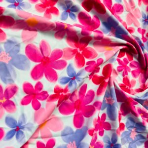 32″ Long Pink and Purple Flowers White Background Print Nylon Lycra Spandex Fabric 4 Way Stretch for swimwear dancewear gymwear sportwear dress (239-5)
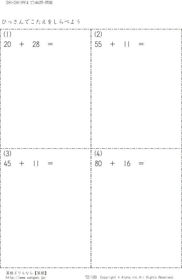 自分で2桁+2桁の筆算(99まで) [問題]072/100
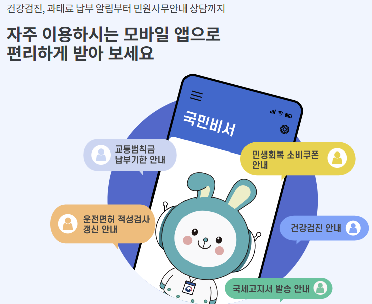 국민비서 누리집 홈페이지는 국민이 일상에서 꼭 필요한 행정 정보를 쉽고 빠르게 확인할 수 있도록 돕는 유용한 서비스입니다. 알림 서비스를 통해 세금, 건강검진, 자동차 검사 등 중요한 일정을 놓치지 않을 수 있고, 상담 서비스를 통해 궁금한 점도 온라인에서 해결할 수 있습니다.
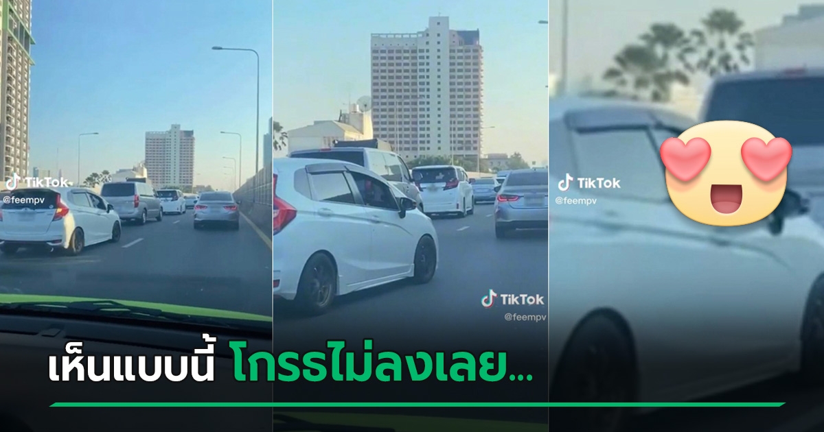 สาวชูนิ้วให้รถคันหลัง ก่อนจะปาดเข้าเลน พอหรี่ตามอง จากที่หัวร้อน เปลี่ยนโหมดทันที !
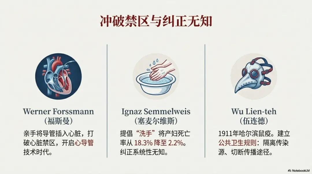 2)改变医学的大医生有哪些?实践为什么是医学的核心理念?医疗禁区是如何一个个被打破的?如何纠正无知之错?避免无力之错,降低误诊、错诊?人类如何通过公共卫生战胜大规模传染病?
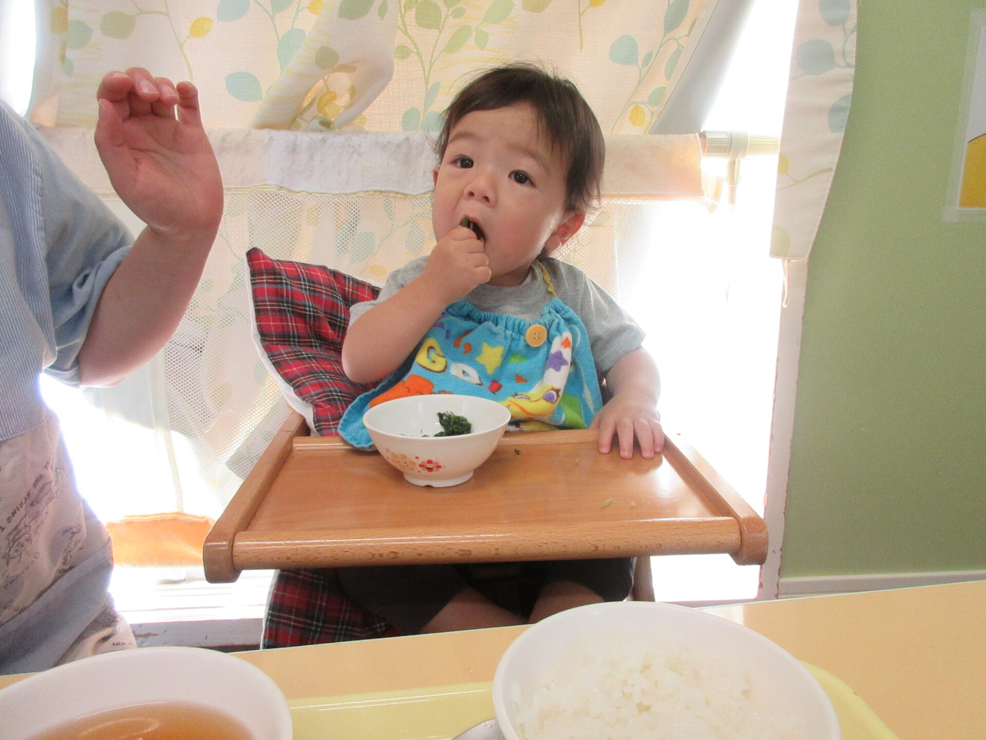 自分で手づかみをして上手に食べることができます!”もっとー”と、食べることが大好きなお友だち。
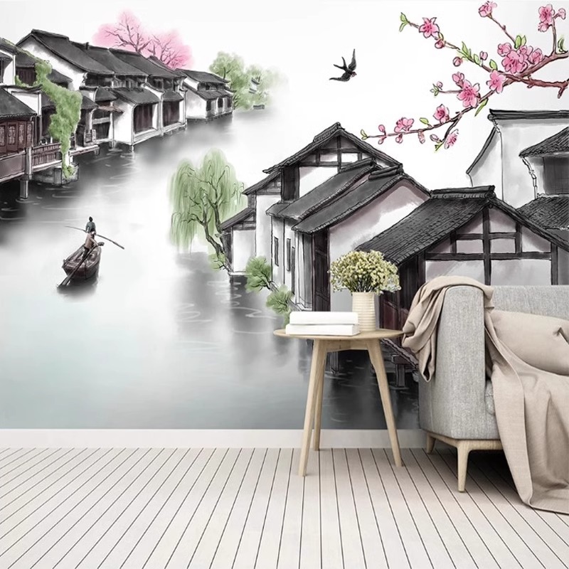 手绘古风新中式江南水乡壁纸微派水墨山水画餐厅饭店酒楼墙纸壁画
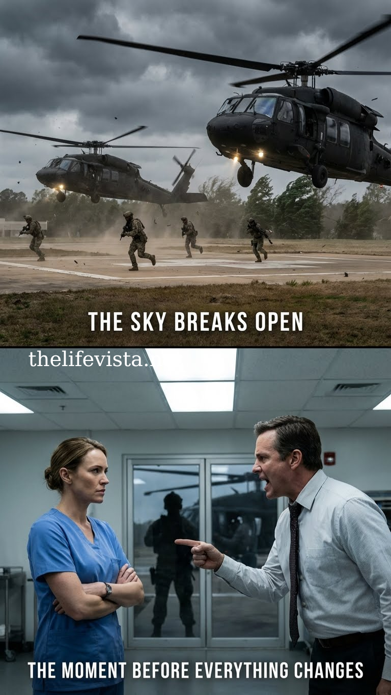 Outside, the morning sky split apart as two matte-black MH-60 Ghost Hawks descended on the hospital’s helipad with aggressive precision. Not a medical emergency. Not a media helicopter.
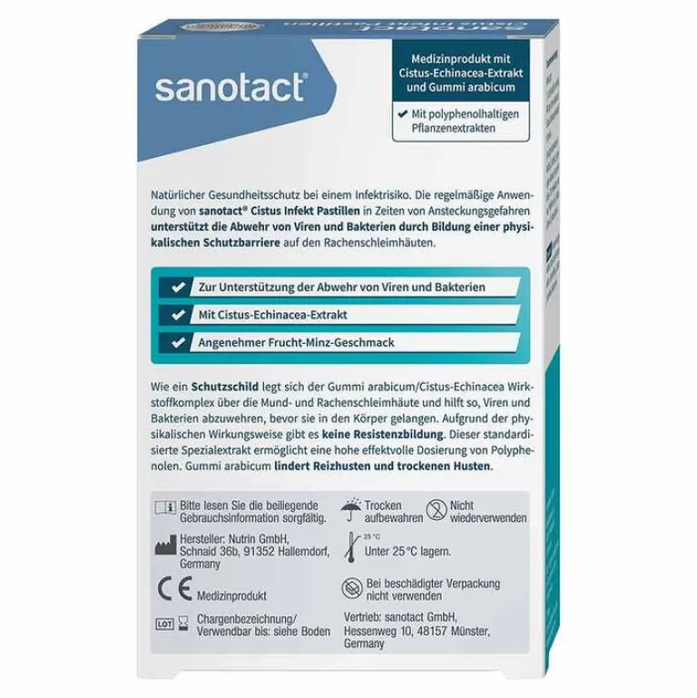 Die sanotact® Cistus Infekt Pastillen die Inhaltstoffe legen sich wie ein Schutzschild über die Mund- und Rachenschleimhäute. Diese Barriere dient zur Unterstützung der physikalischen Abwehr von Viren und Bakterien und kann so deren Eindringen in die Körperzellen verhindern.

◆ Your objective ◆
Repeat the listing word for word, but without its pictures.

◆ Completed exercise ◆
 32″ Long Pink and Purple Flowers White Background Print Nylon Lycra Spandex Fabric 4 Way Stretch for swimwear dancewear gymwear sportwear dress (239-5)
 自分で2桁+2桁の筆算(99まで) [問題]072/100
 국민비서 누리집 홈페이지는 국민이 일상에서 꼭 필요한 행정 정보를 쉽고 빠르게 확인할 수 있도록 돕는 유용한 서비스입니다. 알림 서비스를 통해 세금, 건강검진, 자동차 검사 등 중요한 일정을 놓치지 않을 수 있고, 상담 서비스를 통해 궁금한 점도 온라인에서 해결할 수 있습니다.
 สาวชูนิ้วให้รถคันหลัง ก่อนจะปาดเข้าเลน พอหรี่ตามอง จากที่หัวร้อน เปลี่ยนโหมดทันที !
 2)改变医学的大医生有哪些?实践为什么是医学的核心理念?医疗禁区是如何一个个被打破的?如何纠正无知之错?避免无力之错,降低误诊、错诊?人类如何通过公共卫生战胜大规模传染病?
 自分で手づかみをして上手に食べることができます!”もっとー”と、食べることが大好きなお友だち。
 手绘古风新中式江南水乡壁纸微派水墨山水画餐厅饭店酒楼墙纸壁画
 Outside, the morning sky split apart as two matte-black MH-60 Ghost Hawks descended on the hospital’s helipad with aggressive precision. Not a medical emergency. Not a media helicopter.
 Die sanotact® Cistus Infekt Pastillen die Inhaltstoffe legen sich wie ein Schutzschild über die Mund- und Rachenschleimhäute. Diese Barriere dient zur Unterstützung der physikalischen Abwehr von Viren und Bakterien und kann so deren Eindringen in die Körperzellen verhindern.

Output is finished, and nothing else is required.